1. Task arrives (via API or handoff)


2. wakeSpecialistOrQueue() checks if specialist is busy

        ├── IDLE: wake specialist immediately with task

        └── BUSY: push task onto hook.json


3. On specialist completion (/api/specialists/done):

        ├── Cloister marks specialist idle
        ├── Drains the next queued task
        └── Wakes the specialist with it
Queue priority order: urgent > high > normal > low. The FPP watchdog notices when a specialist has pending hook work but is idle, and sends escalating nudges until the work resolves.
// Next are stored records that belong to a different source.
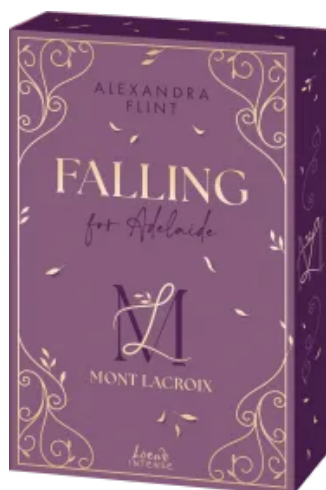
Mont Lacroix (Band 2) - Falling for Adelaide Paperback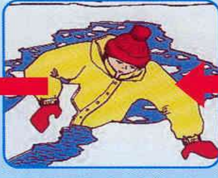
Забросить на лед ногу, откатиться от полыньи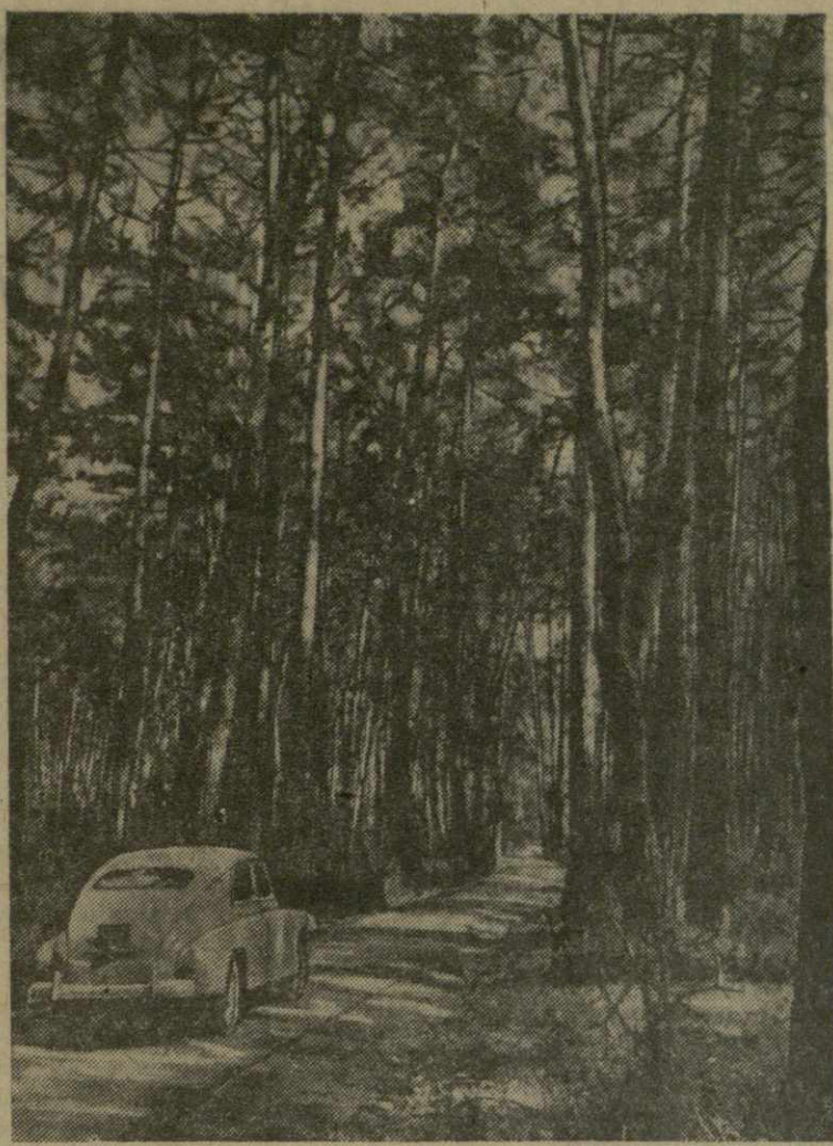
На снимке: пицундская роща реликтовых сосен.

Agent Self-Requeue (Circuit Breaker)

After a human kicks off the first review, a work-agent can request re-review automatically when it thinks it has fixed the feedback:
pan work request-review MIN-123 -m "Fixed: added tests for edge cases"
The circuit breaker prevents infinite “fail → refix → re-review” loops:
  • First human Review click resets the counter to 0
  • Each pan work request-review increments it
  • After 7 automatic re-requests, the endpoint returns HTTP 429
  • A human must click Review in the dashboard to unstick it
API endpoint: POST /api/workspaces/:issueId/request-review The constant lives at src/dashboard/server/routes/workspaces.ts:81 (MAX_AUTO_REQUEUE = 7).

Specialist Safeguards

Specialists are constrained to prevent them from corrupting the main project repo:
  1. Spawned at project root — the workspace directory is passed as task context, never by cd-ing into it blindly
  2. Never checkout branches — they work with whatever branch the workspace already has
  3. Workspace-first operationspan workspace create <ISSUE-ID> is the only way to create new work
These are enforced in three layers:
  • Prompt — clear, repeated warnings in every specialist prompt template
  • Code — wake paths validate the target before spawning
  • Git hooksscripts/git-hooks/post-checkout auto-reverts any checkout detected inside a specialist tmux session
See Workspace Commands for branch protection details.

Configuration

Specialist configuration lives in ~/.panopticon/cloister.toml:
[specialists.review_agent]
enabled = true
auto_wake = false

[specialists.test_agent]
enabled = true
auto_wake = true

[specialists.inspect_agent]
enabled = true

[specialists.uat_agent]
enabled = true

[specialists.merge_agent]
enabled = true
auto_wake = false

[model_selection.specialist_models]
review_agent   = "sonnet"
test_agent     = "haiku"
merge_agent    = "sonnet"
planning_agent = "opus"
Options:
  • enabled — whether the specialist runs at all
  • auto_wake — auto-wake on trigger vs. wait for an explicit wake signal
  • [model_selection.specialist_models] — per-specialist model override (haiku / sonnet / opus)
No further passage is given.